Agriculture & Social Inclusion

The budget blends technology with inclusivity.

Key initiatives:

  • Bharat-VISTAAR AI platform for real-time farm advisory.

  • Support for cashew, cocoa, coconut, and high-value horticulture.

  • Development of 500 reservoirs to improve irrigation.

  • SHE-Marts for women entrepreneurs.

  • Expanded support for Divyangjan, NIMHANS-2 for mental health, and Purvodaya for the eastern industrial corridor.


What Becomes Costlier

Consumers and investors should brace for higher costs in certain areas:

  • Stock market derivatives due to higher STT on futures and options.

  • Tobacco products such as cigarettes, bidis, pan masala.

  • Imported luxury goods including premium watches, alcohol, cosmetics, perfumes, and foreign-built cars.

  • Professional coffee machines due to withdrawal of BCD exemptions.

  • Certain fertilizers like Ammonium Phosphate.

  • Imported cameras and filming equipment.

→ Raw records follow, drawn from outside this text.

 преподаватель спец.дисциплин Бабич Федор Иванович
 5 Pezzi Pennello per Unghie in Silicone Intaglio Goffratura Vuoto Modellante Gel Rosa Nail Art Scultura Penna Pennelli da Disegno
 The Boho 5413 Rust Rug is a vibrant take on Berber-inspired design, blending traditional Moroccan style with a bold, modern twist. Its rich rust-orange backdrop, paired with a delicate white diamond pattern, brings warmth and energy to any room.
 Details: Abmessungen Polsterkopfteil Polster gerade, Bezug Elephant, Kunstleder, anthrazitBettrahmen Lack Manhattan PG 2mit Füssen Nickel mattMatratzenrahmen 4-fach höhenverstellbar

  • Gold and silver jewellery, as duties on related items have been adjusted.


📉 What Gets Cheaper

Some relief comes through lower import duties and exemptions:

  • Smartphones and electronics due to reduced BCD on components.

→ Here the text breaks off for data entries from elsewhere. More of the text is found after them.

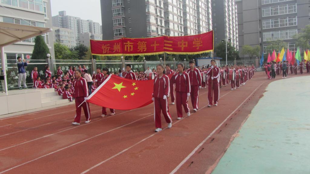 沐浴著秋天的朝陽,享受著清爽的秋風(fēng)。9月28日上午,忻州市第十三中學(xué)第十一屆秋季運動會開幕式在學(xué)校操場隆重舉行。伴隨著激昂的運動員進(jìn)行曲,國旗隊、鼓樂隊、彩旗隊、裁判員代表和運動員方隊秩序井然而又氣勢磅礴地走入會場。在莊嚴(yán)的國歌聲中,全體師生凝神肅立,齊唱國歌。鮮艷的五星紅旗在操場上冉冉升起。
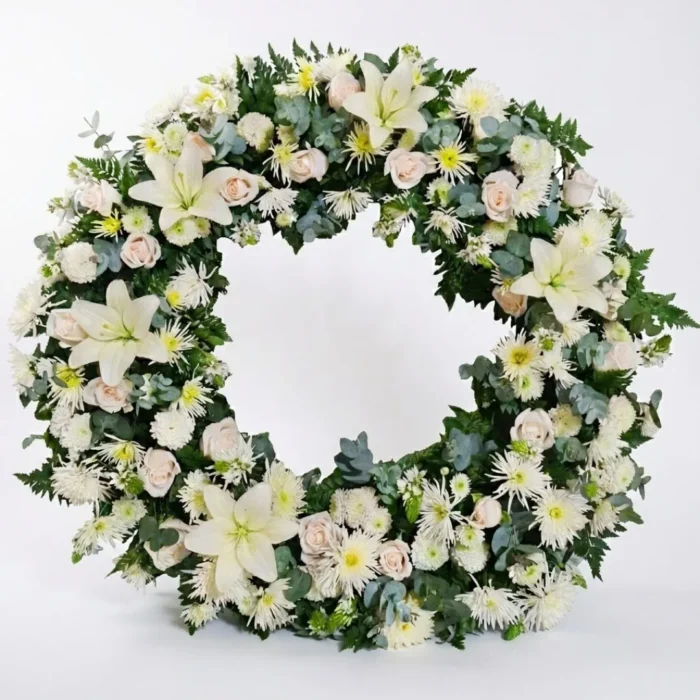Corona de lirios y rosas blancas que simboliza la luz perpetua. Diseño sobrio y elegante disponible en 3 tamaños para entrega en  Guatemala. Entrega el mismo día en Ciudad de Guatemala y Mixco.
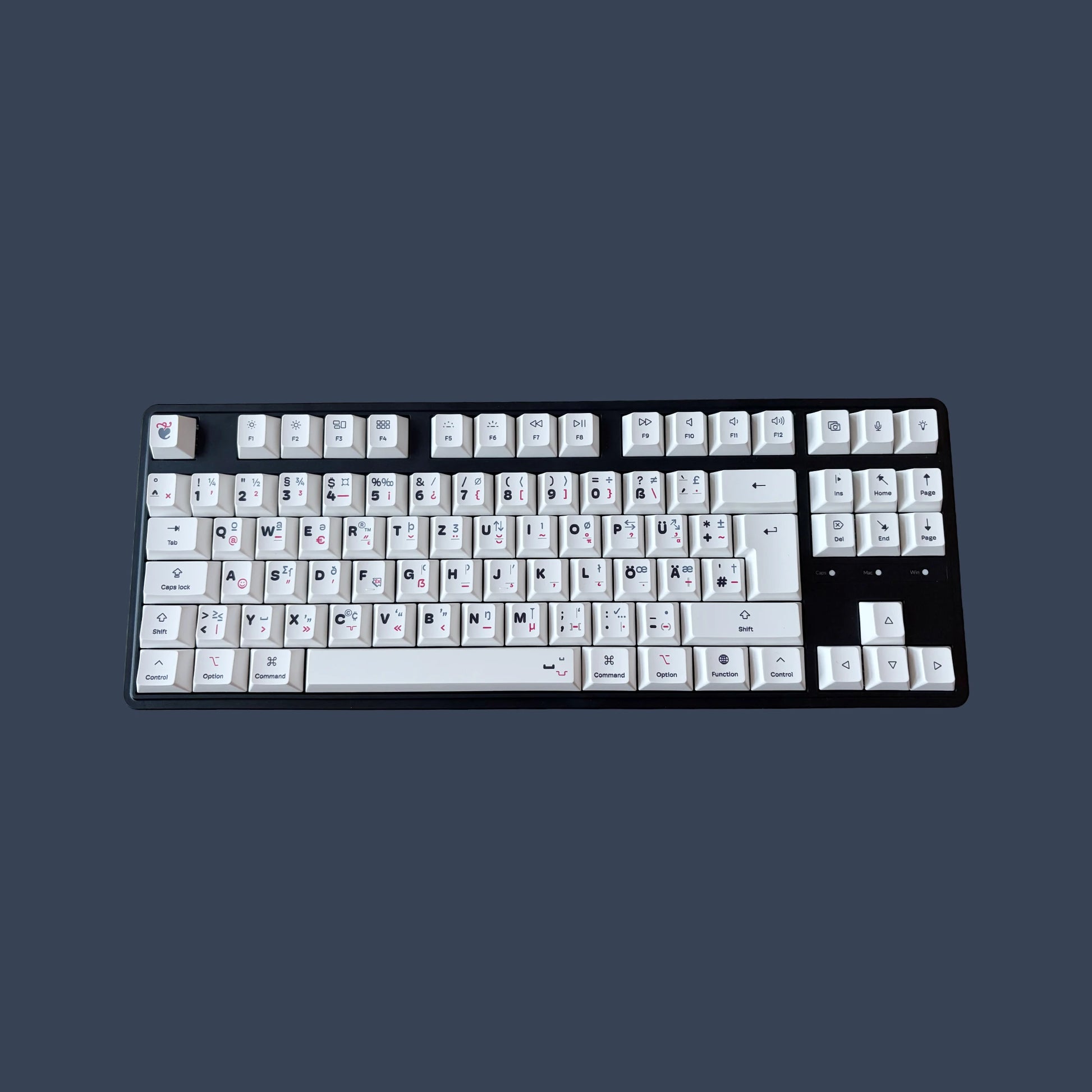 Mit der E1-Belegung und unseren Tastenkappen kommen unter anderem diese Zeichen zusätzlich und sichtbar auf die Tastatur:

  • Electric vehicles (EVs) and battery-related imports.

  • Life-saving cancer drugs (10 specified drugs get full duty exemption).

  • Medical equipment like X-ray and cancer treatment machines.

  • Gold and silver findings used in jewellery making.

  • Dairy and fisheries machinery.

  • Agricultural inputs such as sprinklers and select fertilizers.

Union Budget 2026–27 stays consistent with the government’s post-pandemic strategy: invest heavily in infrastructure and manufacturing, simplify compliance, and gradually rein in fiscal deficit. While traders and luxury consumers may feel the pinch, MSMEs, healthcare, electronics, and long-term investors stand to gain.

In short, this is a steady, reform-oriented budget—not flashy, but firmly focused on building India’s economic foundation for the next decade.